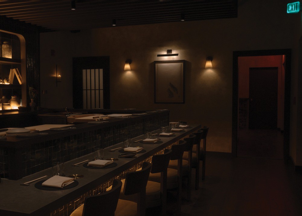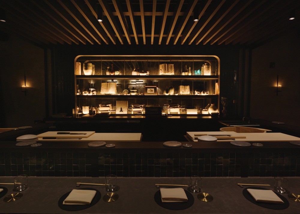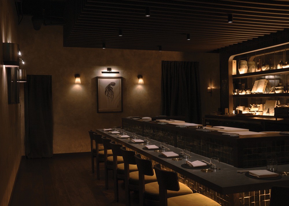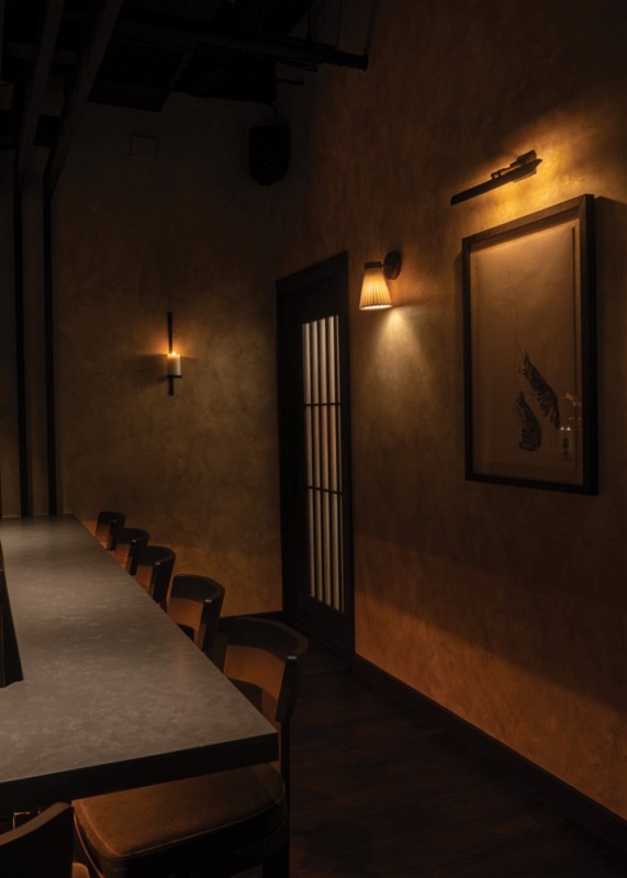 LED lights around the omakase bar create a warm glow, and the bar’s u-shaped design encourages guest interaction with each other and the chefs.
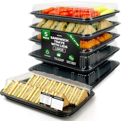 REUSABLE - Our Sandwich Trays and Lids are made out of recycled plastic and can be hand washed with warm soap and water! Using dish soap and a sponge you can wash and leave to dry to use again. ALLERGY STICKERS INCLUDED - Our Buffet Trays with Lids set comes with customizable stickers to write the "contents" and "allergies" of the food you put in the trays. The trays come with tight fitted clear lids to seal your food and showcase what is in the trays! CATERING TRAYS - Events, parties, banquets, weddings, birthdays, catering and home cooking, these buffet trays can be used at all events or any occasions. You can use them for sandwiches, sushi or bagels for picnics, putting it into the fridge or using them for a buffet. AVAILABLE IN VARIOUS SIZES & PACKS – Select the perfect size and quantity for your needs. Choose from tray sizes of 34 × 24 × 7.5 cm, 39 × 29 × 7.5 cm, or 45 × 31 × 7.5 cm, with multiple pack options ideal for everything from intimate gatherings to large-scale events. WARRANTY - If you do have an issue with the product, message us (the seller) directly for a 6 month warranty on this product.
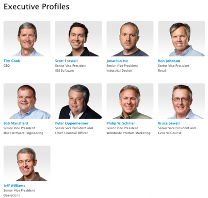 導(dǎo)語:《福布斯》雜志撰稿人維多利亞·平欽(Victoria Pynchon)周日撰文指出,史蒂夫·喬布斯(Steve Jobs)辭職后,給蘋果留下了一個(gè)完全由男性構(gòu)成的管理團(tuán)隊(duì),雖然他們個(gè)個(gè)才華橫溢,對公司極度忠誠,但缺乏女性的支持使這個(gè)團(tuán)隊(duì)的未來蒙上一層陰影。

DIRECTIONS FOR THIS TASK ▸ Skipping all images, print the data above a second time exactly.

SOLUTION TO THE PROBLEM ▸
 LED lights around the omakase bar create a warm glow, and the bar’s u-shaped design encourages guest interaction with each other and the chefs.
 REUSABLE - Our Sandwich Trays and Lids are made out of recycled plastic and can be hand washed with warm soap and water! Using dish soap and a sponge you can wash and leave to dry to use again. ALLERGY STICKERS INCLUDED - Our Buffet Trays with Lids set comes with customizable stickers to write the "contents" and "allergies" of the food you put in the trays. The trays come with tight fitted clear lids to seal your food and showcase what is in the trays! CATERING TRAYS - Events, parties, banquets, weddings, birthdays, catering and home cooking, these buffet trays can be used at all events or any occasions. You can use them for sandwiches, sushi or bagels for picnics, putting it into the fridge or using them for a buffet. AVAILABLE IN VARIOUS SIZES & PACKS – Select the perfect size and quantity for your needs. Choose from tray sizes of 34 × 24 × 7.5 cm, 39 × 29 × 7.5 cm, or 45 × 31 × 7.5 cm, with multiple pack options ideal for everything from intimate gatherings to large-scale events. WARRANTY - If you do have an issue with the product, message us (the seller) directly for a 6 month warranty on this product.
 導(dǎo)語:《福布斯》雜志撰稿人維多利亞·平欽(Victoria Pynchon)周日撰文指出,史蒂夫·喬布斯(Steve Jobs)辭職后,給蘋果留下了一個(gè)完全由男性構(gòu)成的管理團(tuán)隊(duì),雖然他們個(gè)個(gè)才華橫溢,對公司極度忠誠,但缺乏女性的支持使這個(gè)團(tuán)隊(duì)的未來蒙上一層陰影。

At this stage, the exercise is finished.